Embora sejam ambientes inóspitos e indesejados por qualquer pessoa em sã consciência, os presídios costumam ser cenários bastante atraentes no cinema. No conforto da poltrona, os espectadores exclusivamente assistem aos perrengues alheios, de quem tem que conviver com pessoas que fizeram as coisas mais abomináveis e que precisa mourejar com um sistema carcerário em universal hostil, quando não cruel.
Mas os “filmes de prisão” também falam bastante sobre a sociedade do lado de fora. É simples que a bestialidade de alguns detentos também atrai, de modo sensacionalista, segmento dos espectadores, mas muito do interesse dessas obras se deve à exploração de uma faceta dos presidiários que o mundo extrínseco não tem interesse em saber: o lado humano dos detentos. Suas contradições, talvez até suas razões, seu espírito solidário.
E alguns deles, porquê “Um Sonho de Liberdade”, de Frank Darabont, de 1994, tocam tão profundamente as plateias que se tornam cults instantâneos. “Sing Sing” nunca chega a ter o nível de adesão do público porquê o longa de Darabont, mas segue a mesma risca, tentando apresentar o presídio porquê um sítio terrível, mas também capaz de propiciar momentos construtivos na vida dos internos. Proporcionado sobretudo pelo arrimo reciprocamente entre os presidiários.
O longa, dirigido por Greg Kwedar, inspira-se em uma experiência carcerária real, de um programa de restauração de internos por meio do teatro na enxovia. Clarence Maclin, ex-presidiário que participou desse programa, escreveu um roteiro sobre sua experiência, que foi levado à tela com o próprio Maclin no papel de si mesmo. A maior segmento do elenco, aliás, também é de ex-presos que integraram o programa, o que ajuda a trazer um elemento de verdade ao filme.
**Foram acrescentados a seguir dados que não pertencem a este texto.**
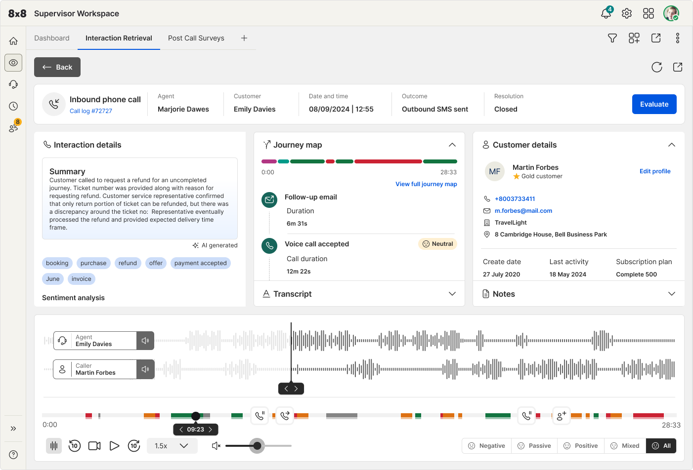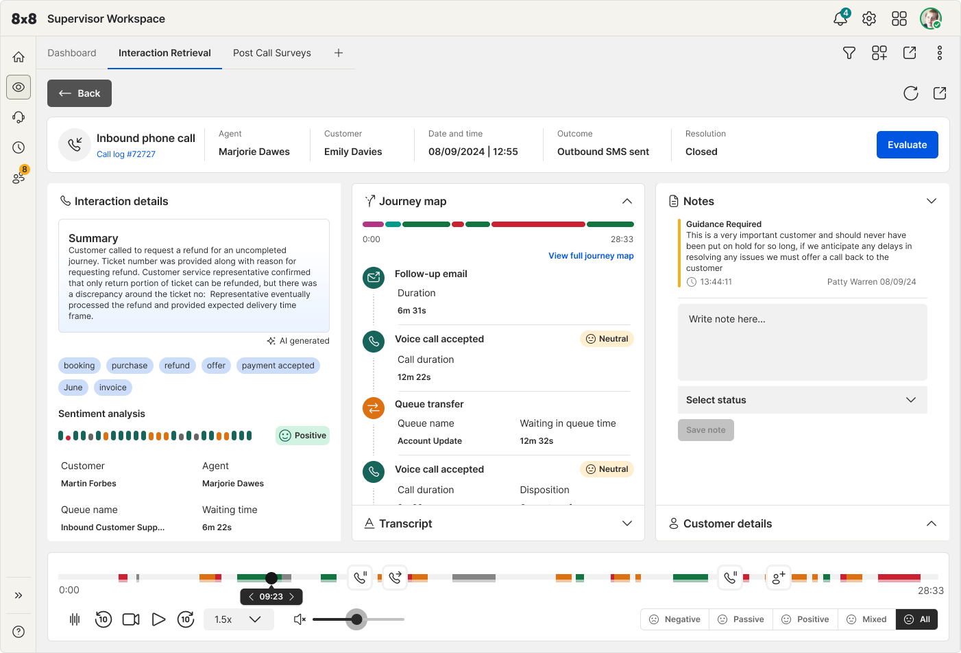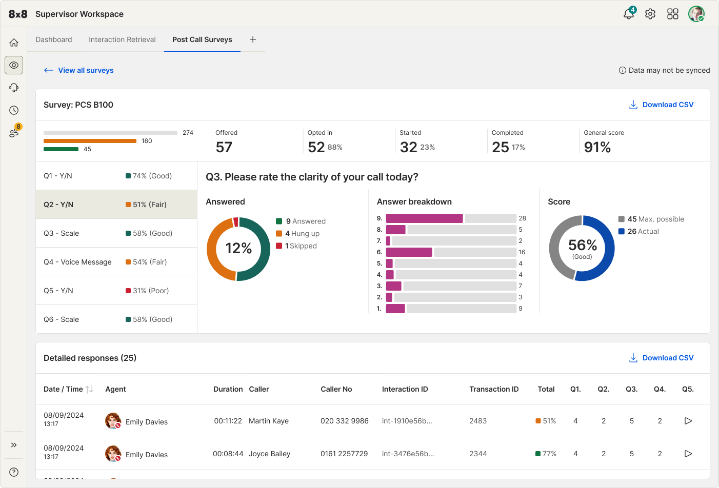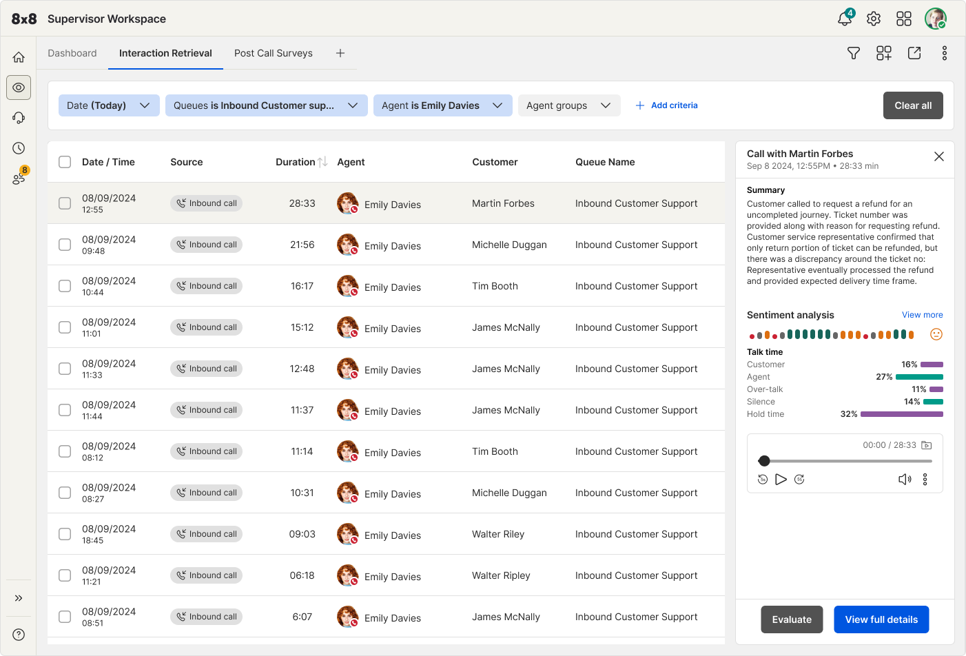 Supervisor Workspace is a customizable, easy-to-use, intuitive UI to ignite contact center performance with personalized, automated supervisor experiences. 8x8 Supervisor Workspace provides a single pane of glass for monitoring and managing the agents' performance and the contact center's overall efficiency. Available on both desktop and through an intuitive mobile experience, Supervisor Workspace centralizes visibility and actions and provides insights, assistance, and guidance so that contact center leaders can view, monitor, and manage agent and queue activity efficiently.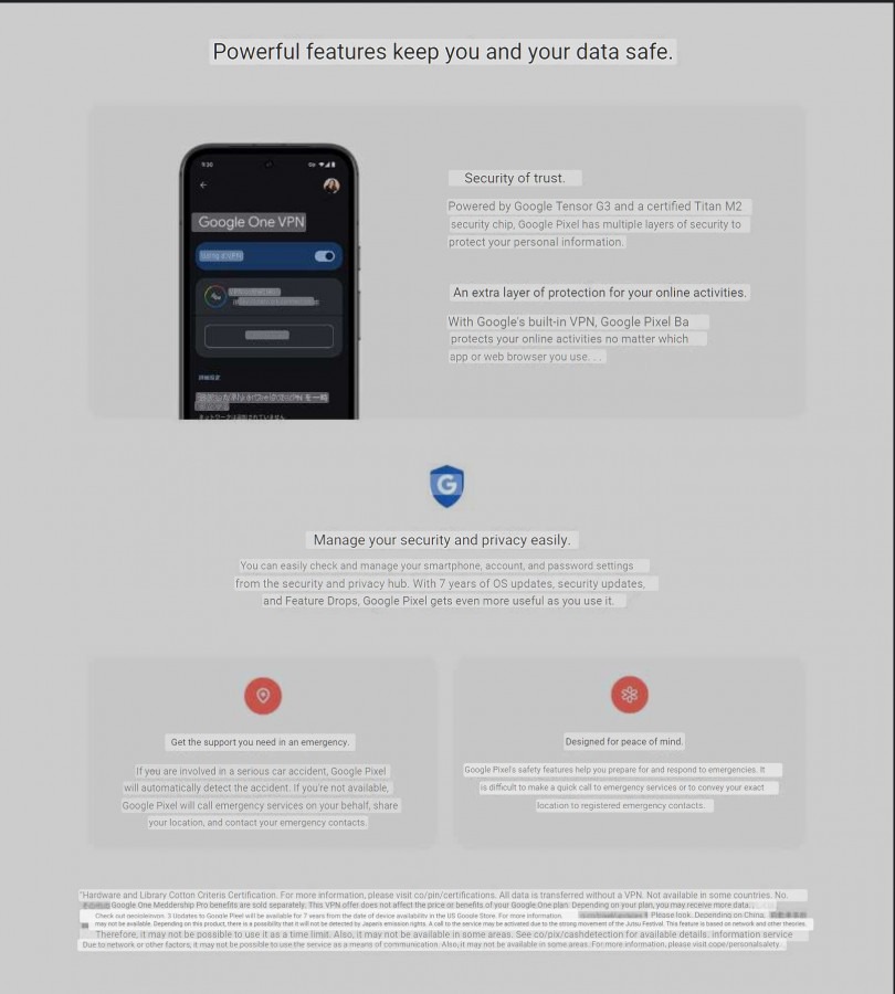 Yapay zeka özellikleri Pixel 8a’ya özgü olmasalar da, pazarlama materyallerinde oldukça detaylı bir şekilde anlatılıyor. Tensor G3 işlemcinin varlığı bir kez daha doğrulanırken, bu işlemciye Titan M2 güvenlik çipinin eşlik edeceği de hatırlatılıyor. Suya ve toza karşı IP67 dayanıklılık sertifikasıyla gelen telefonda ekranı Gorilla Glass 3 cam koruyor.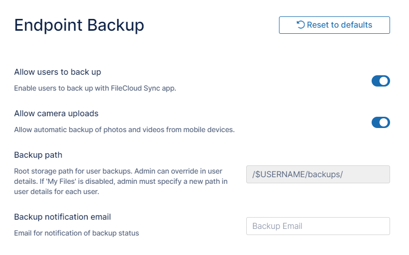 Allow mobile clients to automatically back up photos and videos to their FileCloud accounts. Turning off this setting prevents this server from being used to back up audio/video files.

Na trama, Maclin, divulgado na enxovia porquê Divine Eye, entra para o grupo teatral e traz ideias inovadoras. Em vez de montagens sisudas, sugere um tanto mais aventado, com mais conexão com os presidiários. Assim, entra em conflito com Divine G, vivido por Colman Domingo (um dos poucos atores profissionais em cena), que foi recluso injustamente, mas que tenta não enlouquecer se dedicando a atuar e ortografar peças para o grupo. Mas logo os dois esquentadinhos entendem que têm muito mais a lucrar caso se unam do que se ficarem em disputas pequenas, que não levam a zero.
Sing Sing é o nome do presídio em questão —o termo vem de um linguagem indígena da América do Setentrião, mas remete inevitavelmente ao verbo “to sing”, que em inglês significa “trovar”. Ou seja, há marchetado no título do longa uma certa exortação à frase artística –”cante, cante”, que seria um modo metafórico de falar sobre o que os encarcerados precisam fazer para manter a sanidade na prisão. Não só ao encarar os erros do pretérito, mas também as dificuldades atuais e a falta completa de perspectivas para o horizonte. A arte, nesse sentido, pode ser magnificamente terapia.
O filme é sobrecarregado de positividade, mesmo nos trechos mais pesados. Mas se não se centrasse tanto no confronto entre os dois Divines e se predispusesse a ser uma obra verdadeiramente focada em desvendar as demais personagens, talvez fosse um filme mais valioso. Porque é justamente esse material mais bruto, dos presidiários interpretando versões de si mesmos, que o longa traz de diferencial –tudo o mais, é melodrama prisional corriqueiro.
Invocar os presidiários não profissionais de “não atores” seria um erro, porque os que aparecem no filme demonstram simples conhecimento das convenções de uma performance. Porque apesar de eles aparecerem em cena interpretando variações do que eles mesmos são (ou foram) na vida real, não atuam com a crueza e os desacertos que os “não atores” em universal costumam patentear em filmes. E são todos excelentes –um testemunha desavisado poderia facilmente crer que são profissionais.
O grande destaque é mesmo Maclin. Mas Colman Domingo tem uma atuação admiravelmente precisa, muito difícil dada a sua exigência de profissional em meio a amadores. Propenso ao histrionismo, desta vez ele demonstra um enorme autocontrole. Tem a exata noção de que precisava evitar que sua expansividade dominasse o longa. Ele entende que seu personagem tem uma importante função de “escada” aos ex-presidiários reais reproduzindo suas experiências.
O que tem um efeito paralelo ruim: seu personagem não nos oferece substrato o suficiente para compreendermos suas motivações. A docilidade com a qual aceita estar na enxovia sem ter cometido crimes, por exemplo, nunca é por totalidade persuasivo. Mas a grandeza do ator em admitir se esmaecer em nome dos colegas já tornam o filme digno de assombro.